## MATERIAL PROVIDED
== == ==

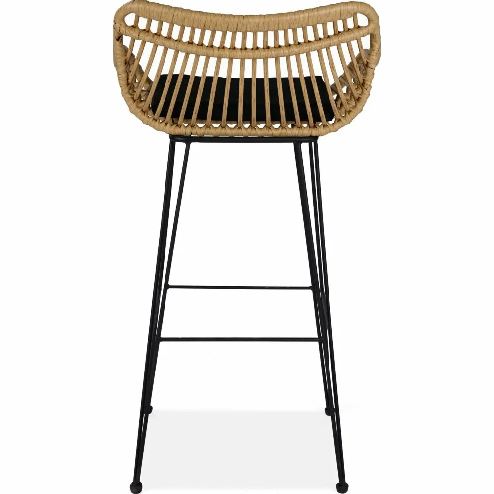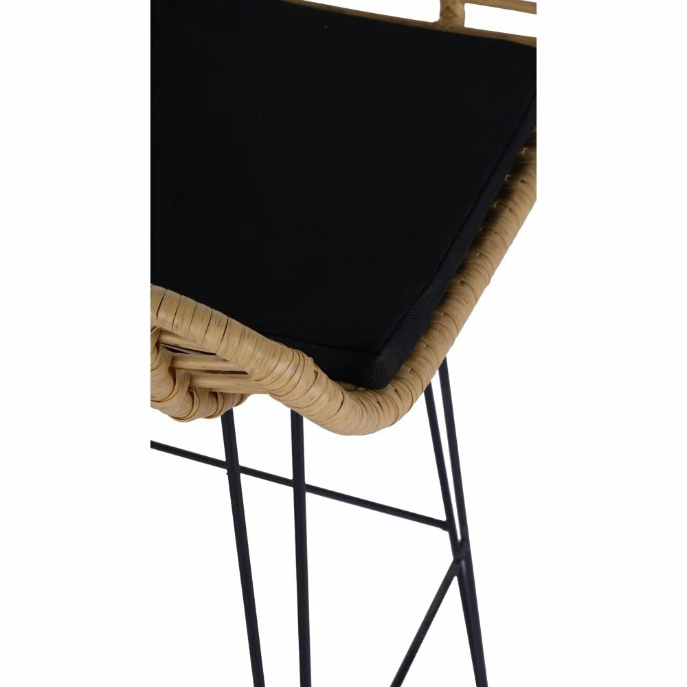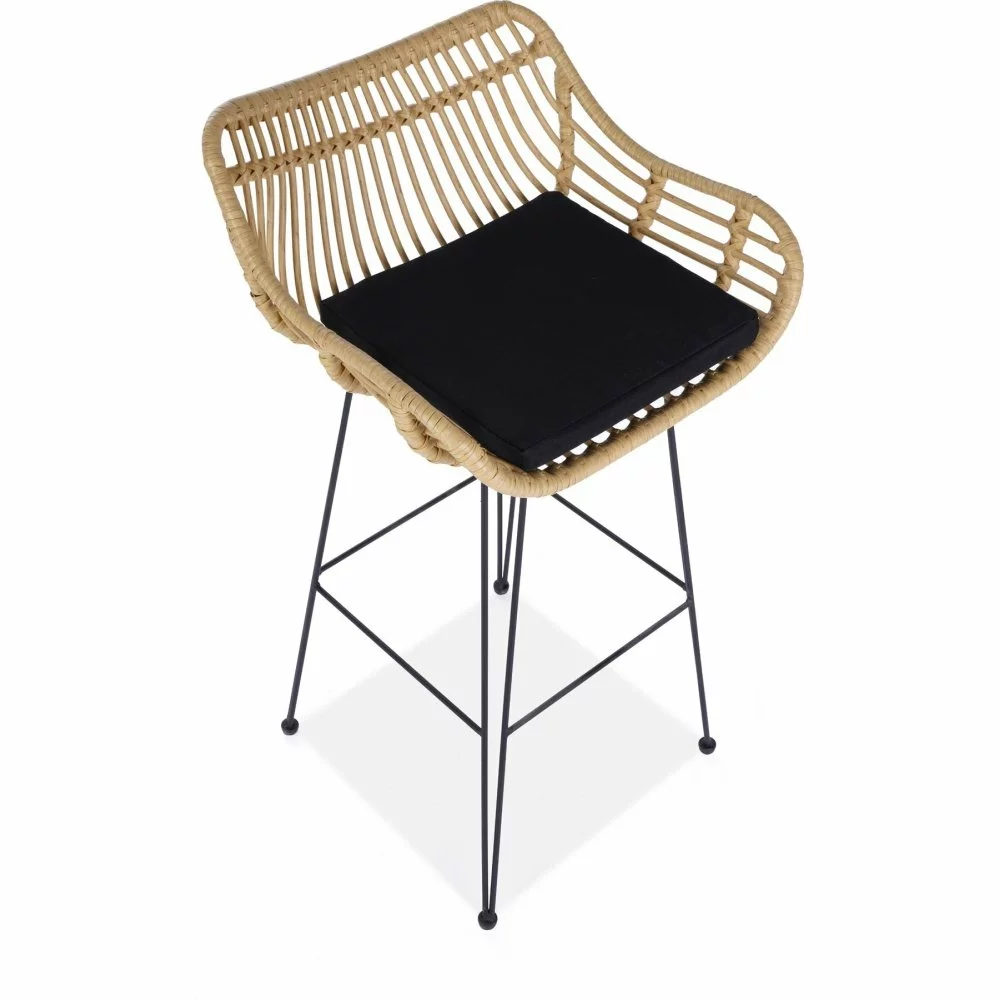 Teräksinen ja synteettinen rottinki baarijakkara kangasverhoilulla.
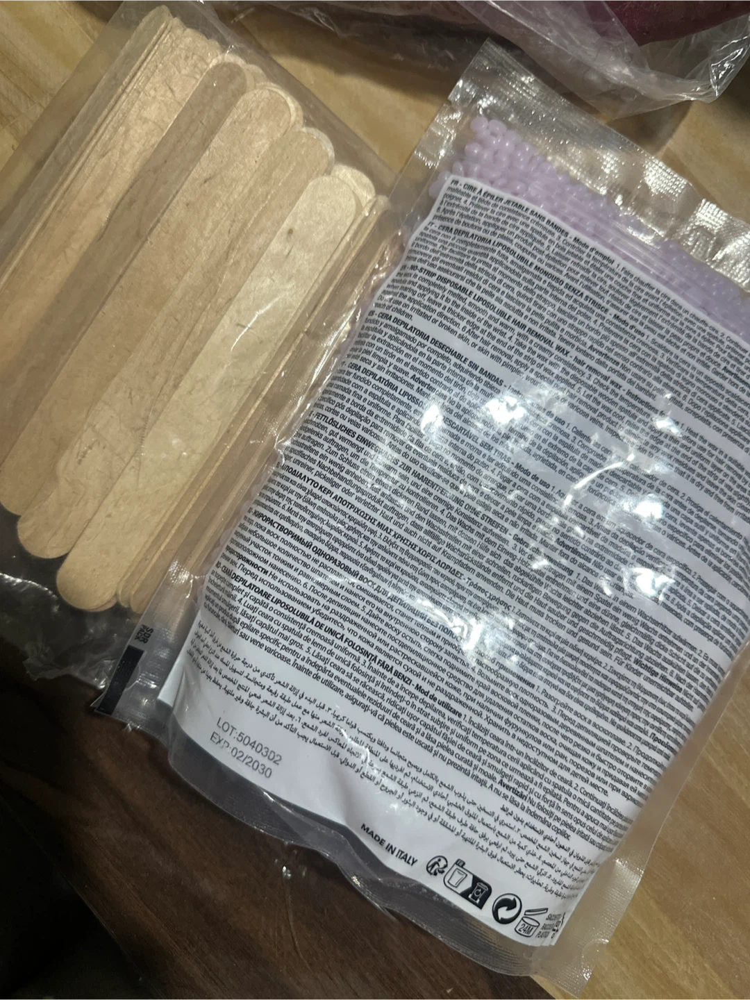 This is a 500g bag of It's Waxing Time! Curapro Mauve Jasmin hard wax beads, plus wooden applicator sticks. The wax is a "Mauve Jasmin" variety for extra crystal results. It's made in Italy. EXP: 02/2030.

== == ==

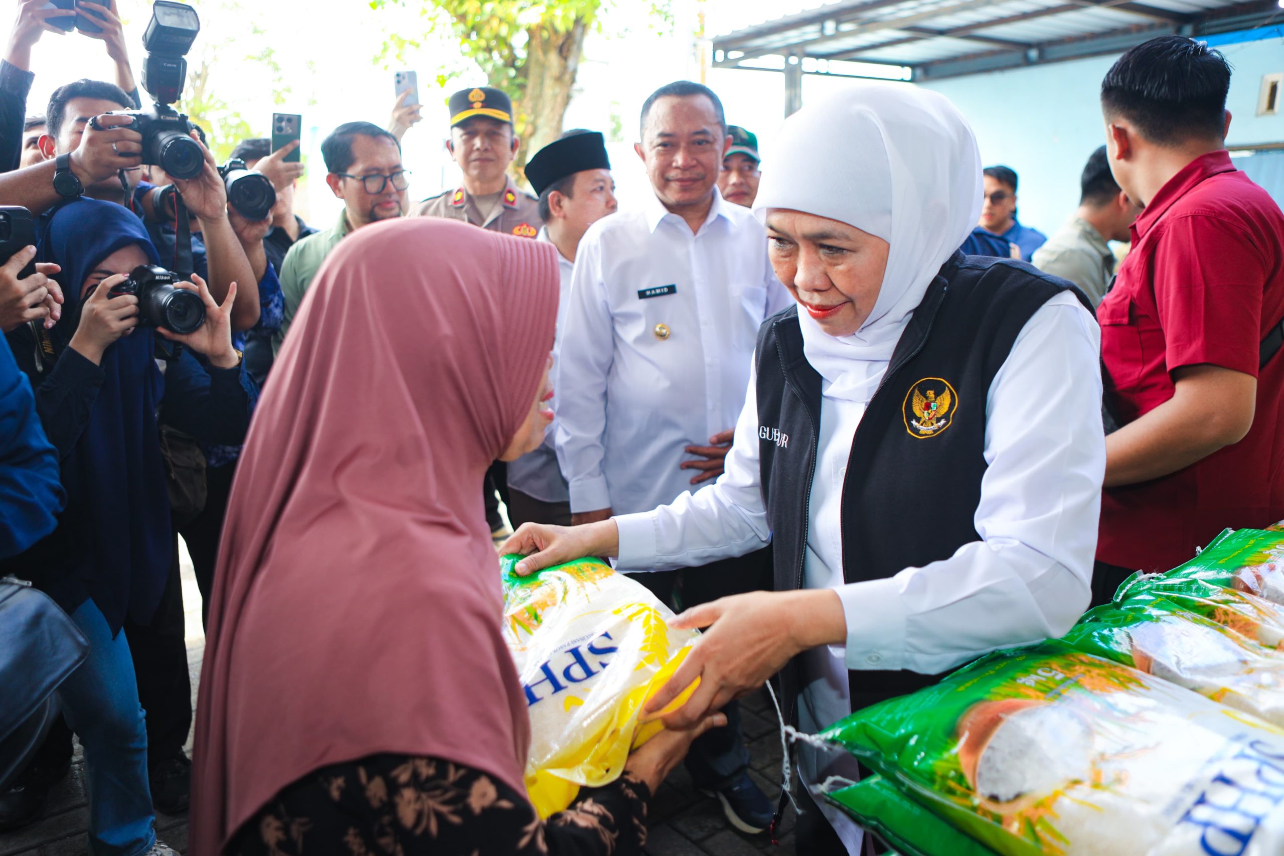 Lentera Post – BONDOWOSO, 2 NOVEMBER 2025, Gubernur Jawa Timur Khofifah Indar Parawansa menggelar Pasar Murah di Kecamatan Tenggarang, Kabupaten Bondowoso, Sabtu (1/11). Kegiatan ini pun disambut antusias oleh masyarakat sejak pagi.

== == ==

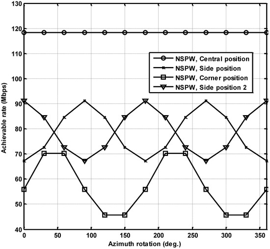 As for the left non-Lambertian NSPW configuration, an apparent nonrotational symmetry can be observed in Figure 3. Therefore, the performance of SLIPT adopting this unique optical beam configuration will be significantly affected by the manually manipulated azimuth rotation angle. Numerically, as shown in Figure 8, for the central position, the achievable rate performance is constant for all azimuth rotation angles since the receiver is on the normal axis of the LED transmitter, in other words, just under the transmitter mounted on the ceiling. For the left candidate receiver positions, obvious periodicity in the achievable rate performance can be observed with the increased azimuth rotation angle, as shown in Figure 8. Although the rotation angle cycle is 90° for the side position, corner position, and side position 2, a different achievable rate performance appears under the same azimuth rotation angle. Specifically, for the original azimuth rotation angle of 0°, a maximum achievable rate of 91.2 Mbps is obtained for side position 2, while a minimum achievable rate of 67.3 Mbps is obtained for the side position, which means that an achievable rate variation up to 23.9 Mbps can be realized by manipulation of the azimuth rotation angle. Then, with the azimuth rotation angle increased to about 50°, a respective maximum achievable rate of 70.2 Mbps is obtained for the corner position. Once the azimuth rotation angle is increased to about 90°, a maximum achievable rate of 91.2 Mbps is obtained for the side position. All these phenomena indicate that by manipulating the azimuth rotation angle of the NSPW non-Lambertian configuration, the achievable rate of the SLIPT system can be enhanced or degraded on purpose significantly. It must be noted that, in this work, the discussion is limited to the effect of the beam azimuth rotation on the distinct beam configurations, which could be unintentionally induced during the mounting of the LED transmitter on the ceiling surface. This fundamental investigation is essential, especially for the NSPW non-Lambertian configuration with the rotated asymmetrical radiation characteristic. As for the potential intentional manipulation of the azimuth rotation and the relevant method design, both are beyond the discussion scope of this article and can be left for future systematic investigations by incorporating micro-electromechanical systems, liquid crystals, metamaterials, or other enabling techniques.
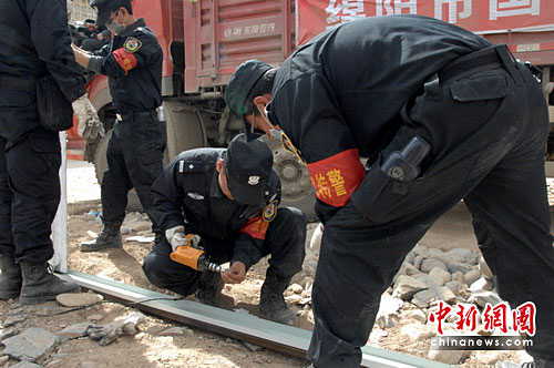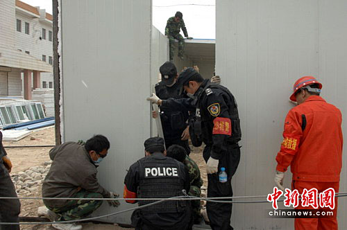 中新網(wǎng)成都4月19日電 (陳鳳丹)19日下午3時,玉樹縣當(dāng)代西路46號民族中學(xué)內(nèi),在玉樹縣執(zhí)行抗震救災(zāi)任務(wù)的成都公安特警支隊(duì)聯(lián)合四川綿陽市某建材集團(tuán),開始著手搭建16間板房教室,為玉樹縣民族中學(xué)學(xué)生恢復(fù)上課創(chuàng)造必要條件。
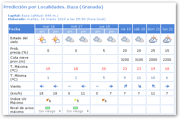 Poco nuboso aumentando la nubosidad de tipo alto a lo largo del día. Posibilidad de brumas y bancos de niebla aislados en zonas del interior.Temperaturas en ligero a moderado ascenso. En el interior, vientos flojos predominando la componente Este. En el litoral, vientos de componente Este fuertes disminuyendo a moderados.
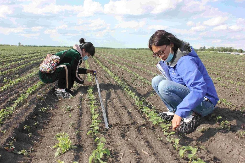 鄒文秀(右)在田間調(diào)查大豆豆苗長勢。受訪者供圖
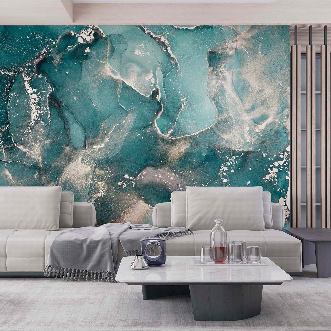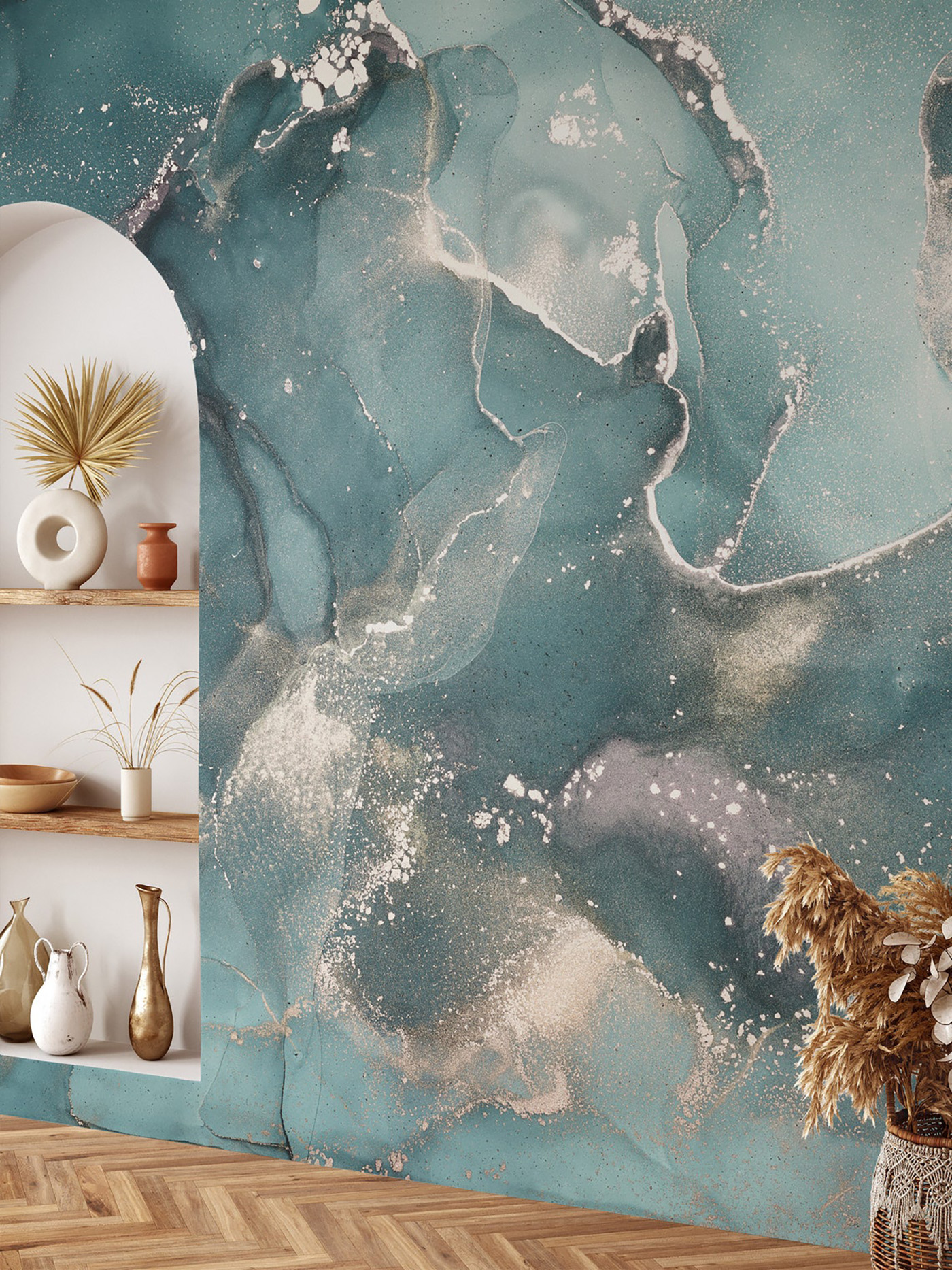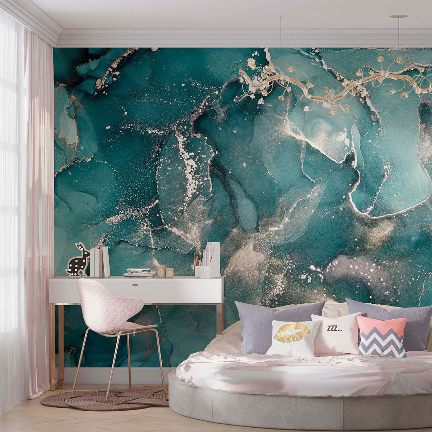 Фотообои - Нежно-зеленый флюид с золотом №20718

== == ==

## WHAT YOU HAVE TO DO
Copy back exactly the lines above from the one containing "Teräksinen ja synteettinen" through the one containing "This is a 500g", and leave every picture behind.

## TASK OUTPUT
 Teräksinen ja synteettinen rottinki baarijakkara kangasverhoilulla.
 This is a 500g bag of It's Waxing Time! Curapro Mauve Jasmin hard wax beads, plus wooden applicator sticks. The wax is a "Mauve Jasmin" variety for extra crystal results. It's made in Italy. EXP: 02/2030.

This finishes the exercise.